The New York Times reports:

The approval could clear the way for people to use Lunesta, and possibly similar drugs, for longer periods and turn sleeping pills from a market laggard into a much more widely used category of medications, sleep specialists said.

Sepracor, the maker of Estorra™ (eszopiclone) reports:

The Prescription Drug User Fee Act (PDUFA) date for the resubmitted Estorra™ brand eszopiclone New Drug Application (NDA) is December 15, 2004. A PDUFA date is the date by which the U.S. Food and Drug Administration (FDA) is expected to review and act on an NDA submission. On February 27, 2004, Sepracor received an "approvable" letter from the FDA for its NDA for Estorra™ for the treatment of insomnia characterized by difficulty falling asleep and/or difficulty maintaining sleep during the night and early morning.
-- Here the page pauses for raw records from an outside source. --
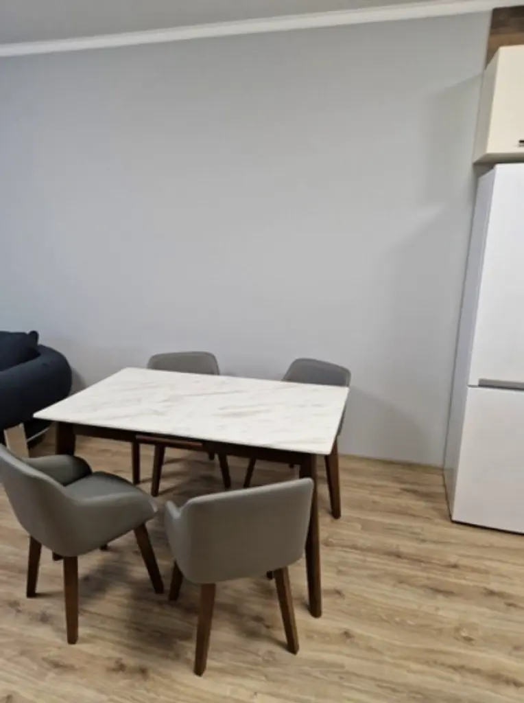 Имотът е обзаведен, с площ 73 кв.м, на 5-ти от 8 етажа в сграда с асансьор. Разпределението включва входно антре, хол с кухня и трапезария, спалня, баня с тоалетна и тераса.
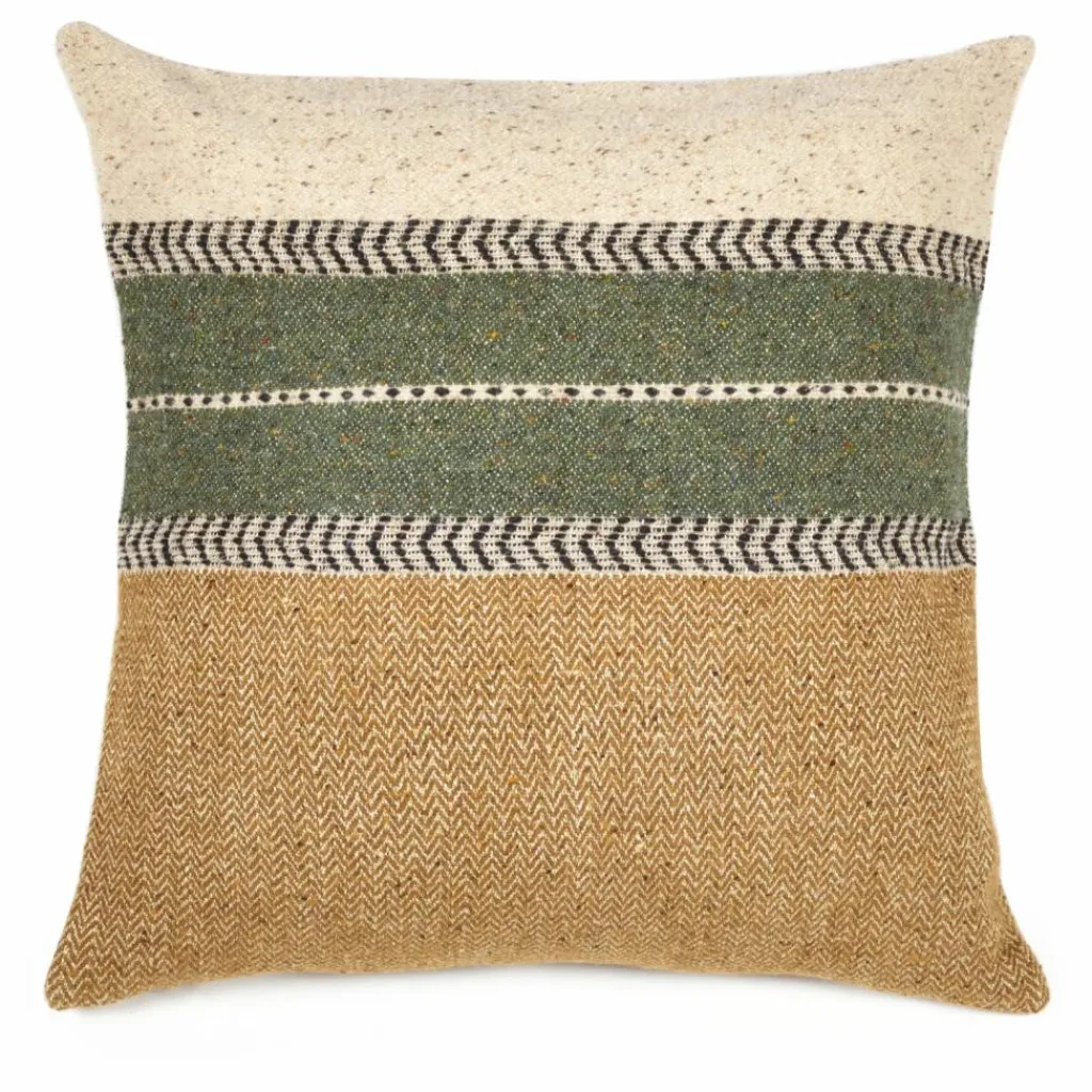 Cette housse de coussin mêle lin et laine pour un tissu volumineux et doux.
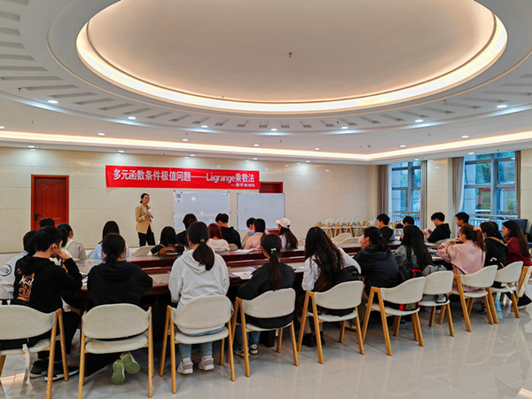 张宇老师由例题引入,以从简单到复杂的递进方式,引导同学们深入思考,逐步向同学们讲解函数模型的相关概念,指出拉格朗日乘数法在学术研究和实际数学应用中都具有广泛的应用,掌握这种方法可以帮助大家更好地应对各种复杂的优化问题。本次讲座,张宇老师通过互动的学习形式不仅激发了同学们的学习兴趣,还加深了他们对函数知识的理解和记忆。

Contingent upon approval from the FDA of the Estorra™ NDA, Sepracor would expect the recommended dosing to achieve sleep onset and maintenance to be 2 mg and 3 mg for adult patients, 2 mg for elderly patients with sleep maintenance difficulties, and 1 mg for sleep onset in elderly patients whose primary complaint is difficulty falling asleep. The FDA has not requested additional clinincal or preclinical trials for approval.

October 24, 2003 09:03:52 AM PDT , HealthDay

A new drug called eszopiclone (trade name Estorra) works in treating long-term insomnia, says a study in the Nov. 1 issue of Sleep.

During the six-month study, led by Duke University Medical Center, the drug was given nightly to patients with chronic insomnia. The patients taking the drug showed significant improvement in their ability to fall asleep and to stay asleep. They also experienced better quality of sleep.

There was no evidence of loss of drug effectiveness over time, the study says.

The improvement in sleep achieved by the patients taking the drug were associated with consistent improvements in the patients' ratings of their capacity to function well during the day.

This is the first time that any sleep medication has been shown to consistently improve all the components that define insomnia.

The double-blind, placebo-controlled study included 788 people aged 21 to 69. Those taking the drug were given 3 milligrams a night of eszopiclone.

"I believe that this study is a milestone for research into insomnia treatments," lead author Dr. Andrew Krystal, an associate professor of psychiatry and director of the Sleep Research Laboratory and Insomnia Clinic at Duke, says in a prepared statement.

"It greatly extends the period of time that a medication has been definitively shown to help people suffering from insomnia and it establishes that studies of longer-term drug treatment of insomnia are not only feasible but can be safely performed," he says.

Prior to this study, the longest large-scale, placebo-controlled study of a sleep medication for insomnia lasted five weeks.